Another Fidelity fund in our list, Fidelity Blue Chip Growth (MUTF:FBGRX) gives investors exposure to well-established and well-capitalized companies in the US stock market. Some of the top holdings of the fund include Apple Inc. (NASDAQ:AAPL), NVIDIA Corporation (NASDAQ:NVDA) and Tesla Tesla, Inc. (NASDAQ:TSLA).

Tesla, Inc. (NASDAQ:TSLA) stock is up about 127% year to date.

As of the end of the second quarter of 2023, 79 hedge funds out of the 910 funds tracked by Insider Monkey reported owning stakes in Tesla, Inc. (NASDAQ:TSLA). The biggest stakeholder of Tesla, Inc. (NASDAQ:TSLA) was

Catherine D. Wood’s ARK Investment Management which owns a $1.3 billion stake in Tesla, Inc. (NASDAQ:TSLA).

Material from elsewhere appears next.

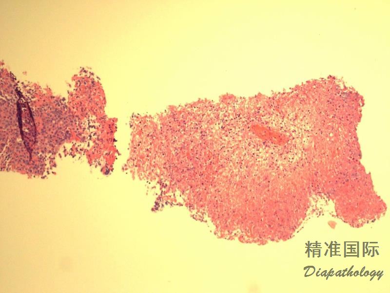 - 移植后淋巴增殖性疾病(PTLD) :与 LyG 相似,存在坏死和 EBER+ 细胞,但肿瘤表现为非典型 B 细胞弥漫侵润,细胞多形、大小不等,可伴浆细胞分化,T 细胞少。有器官移植病史。

Fidelity Blue Chip Growth (MUTF:FBGRX) is up about 47% over the past 5 years.

6. ProShares UltraPro QQQ (NASDAQ:TQQQ)

ProShares UltraPro QQQ (NASDAQ:TQQQ) fund tracks daily investment results, before fees and expenses, that correspond to three times (3x) the daily performance of the Nasdaq-100 Index. ProShares UltraPro QQQ (NASDAQ:TQQQ) has exposure to technology, consumer staples, consumer discretionary, communication services and several other sectors.

ProShares UltraPro QQQ (NASDAQ:TQQQ) is up about 119% over the past five years.